China's goths react to woman being forced to remove her make-up on subway


TextMonique May Munroe

Weibo users have come together to post a selfie in support of a woman who was discriminated against for wearing gothic make-up

Self-identifying Goths in China united yesterday after news emerged that a woman was prevented from boarding her local subway until she removed her gothic make-up. The woman who shared her story using a pseudonym, took to popular Chinese social media platform Weibo to share the prejudice she encountered. As reported by Sina News, the woman explained “a female security guard called her manager and said that my make-up was ‘problematic’ and ‘really horrible’. Before telling me to remove it if I wanted to get on the subway. As a Chinese citizen, I’m hoping to use this relatively public platform to challenge the authorities: What laws grant you the right to stop me and waste my time?”

What she may have not been expecting however was the response and support of thousands of Weibo users  - goths, allies, and make-up lovers alike - who took to social media with a selfie, accompanied by the hashtag: #ASelfieForTheGuangzhouMetro. Ranging from radical goth looks, created with dark eyeshadow and deep lips, to surrealist, otherworldly faces, using glitter, stickers, and paint, the selfies showed the many personalities and faces of gothic artistry.

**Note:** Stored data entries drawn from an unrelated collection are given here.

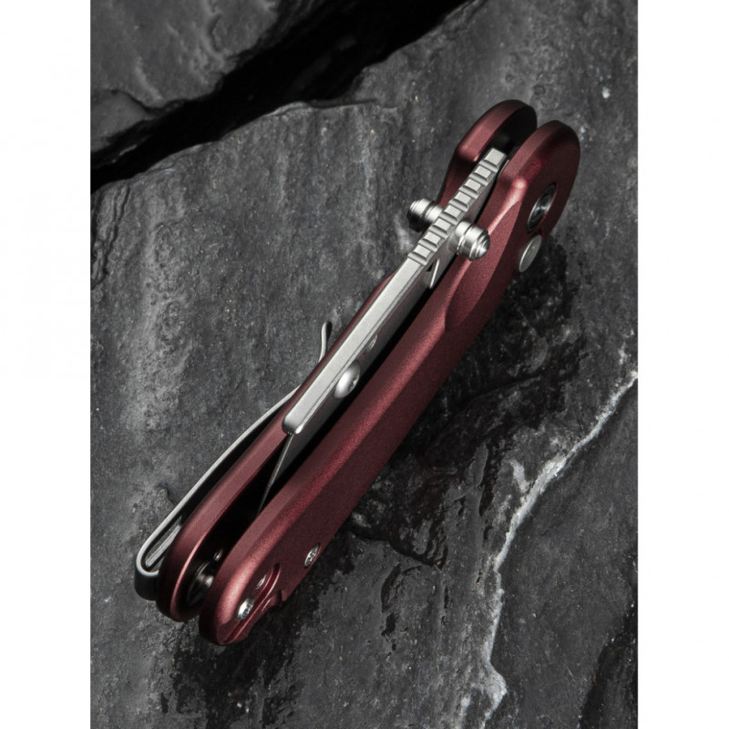 Модель укомплектована замком button lock та керамічними підшипниками в осьовому вузлі. Клинок миттєво виймається з руківʼя при натисканні пружної кнопки та помаху кисті. Ніж можна відкрити й іншими способами: за допомогою шпеника або плавця фліпера.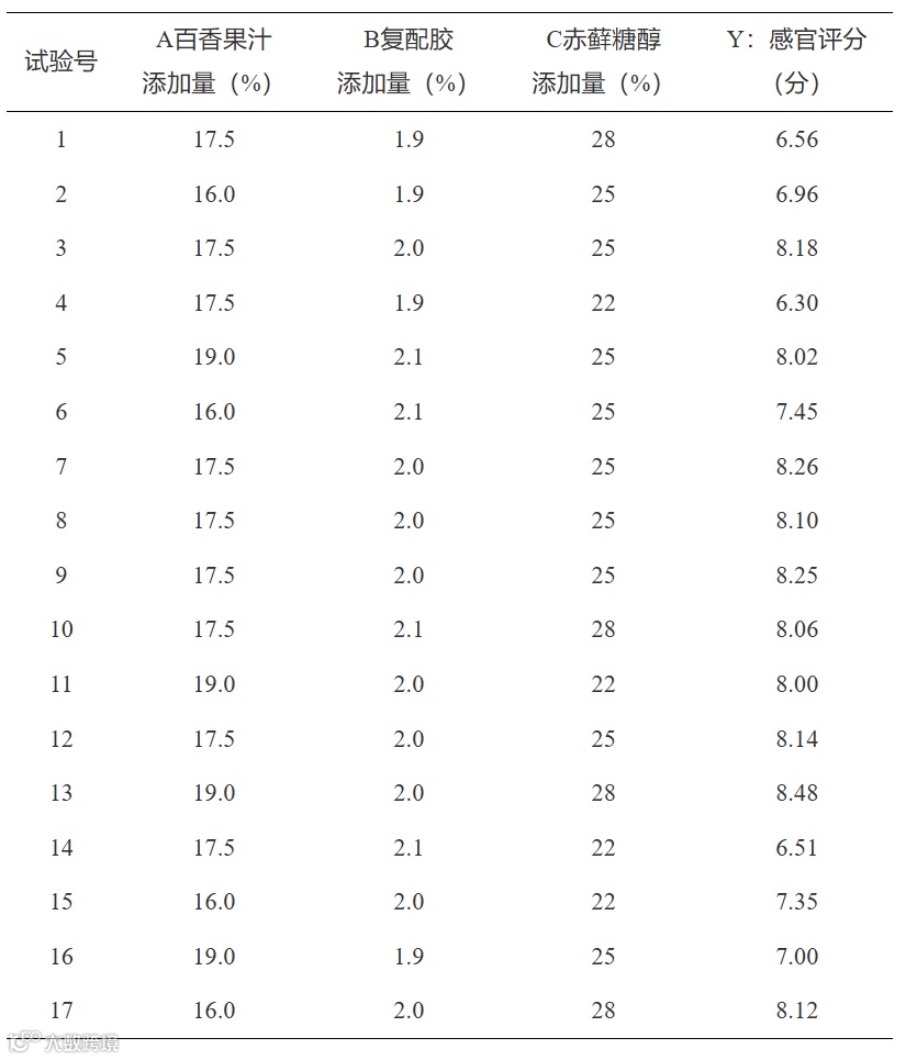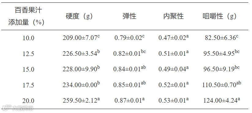Table 4 Effect of added amount of passion fruit juice on texture properties of compound jelly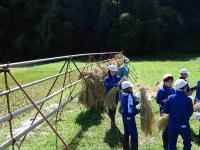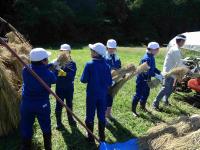 地域の方々のご指導のもと、乾燥していい香りのする稲を稲架から外し、コンバインで脱穀してもらいました。

“I’m sorry people of Guangzhou, sometimes I go out like this,” posted Weibo user Haruko Ekov. Another Weibo user Jiolaa added: “What you see as fancy dress, I see as freedom”. In reaction to the movement, Guangzhou subway, where the incident occurred, has issued a formal apology and has even suspended the offending security officer, according to China Daily.

The incident is a testament to the unifying power of social media and highlights the importance make-up as a means of creative expression that should not be policed.